[Information]:
══════════════════════════════

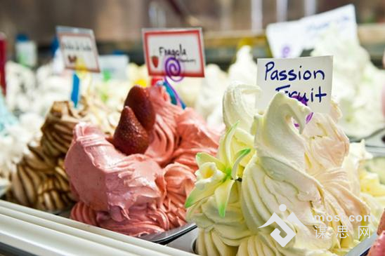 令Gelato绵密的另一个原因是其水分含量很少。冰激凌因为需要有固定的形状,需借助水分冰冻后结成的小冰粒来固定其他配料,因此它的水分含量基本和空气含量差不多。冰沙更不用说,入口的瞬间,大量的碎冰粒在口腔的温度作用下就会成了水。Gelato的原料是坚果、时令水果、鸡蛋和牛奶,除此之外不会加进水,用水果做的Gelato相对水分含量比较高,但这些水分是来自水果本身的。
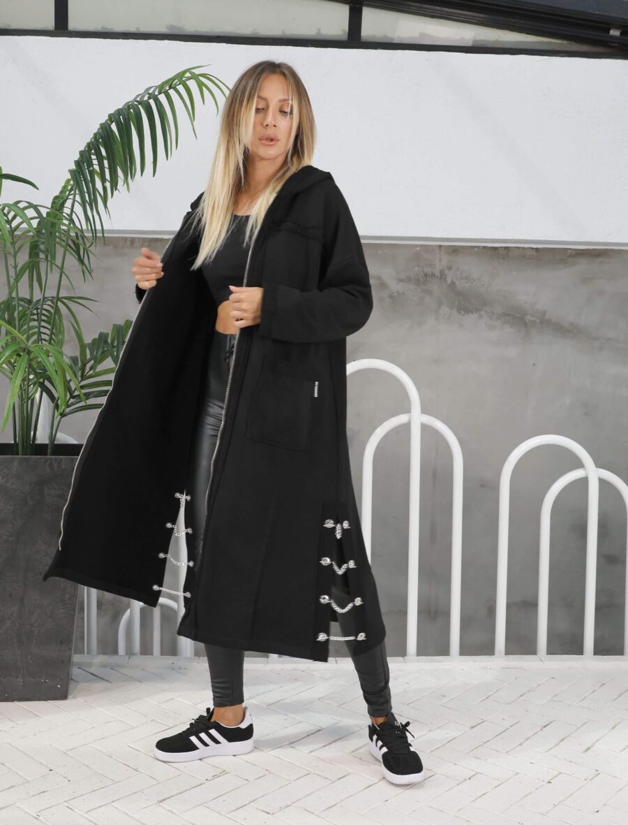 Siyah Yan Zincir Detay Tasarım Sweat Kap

══════════════════════════════

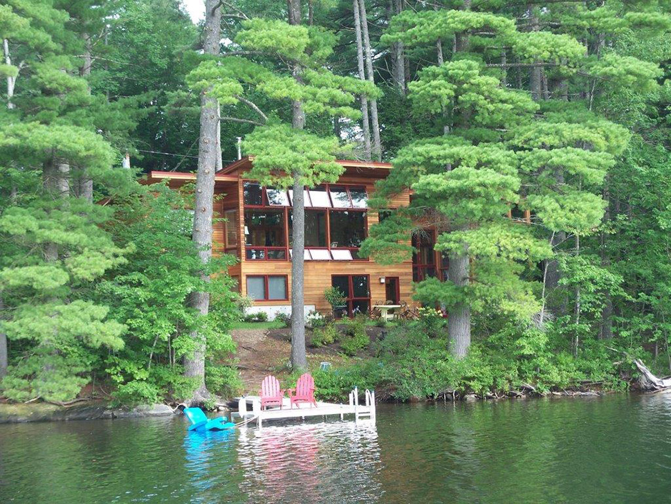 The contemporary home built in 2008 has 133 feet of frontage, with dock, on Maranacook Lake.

══════════════════════════════

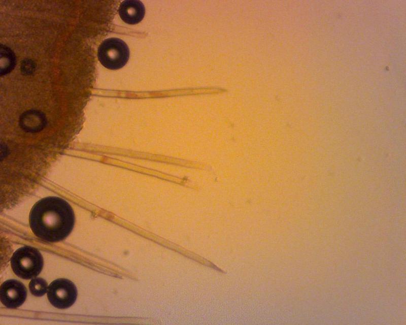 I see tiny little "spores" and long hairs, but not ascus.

══════════════════════════════

[Exercise]:
Every line above in the stretch from the one with "令Gelato绵密的另一个原" through the one with "Siyah Yan Zincir Detay Tasarım Sweat Kap" is to be transcribed exactly, ends included. No picture is copied.

[Task result]:
 令Gelato绵密的另一个原因是其水分含量很少。冰激凌因为需要有固定的形状,需借助水分冰冻后结成的小冰粒来固定其他配料,因此它的水分含量基本和空气含量差不多。冰沙更不用说,入口的瞬间,大量的碎冰粒在口腔的温度作用下就会成了水。Gelato的原料是坚果、时令水果、鸡蛋和牛奶,除此之外不会加进水,用水果做的Gelato相对水分含量比较高,但这些水分是来自水果本身的。
 Siyah Yan Zincir Detay Tasarım Sweat Kap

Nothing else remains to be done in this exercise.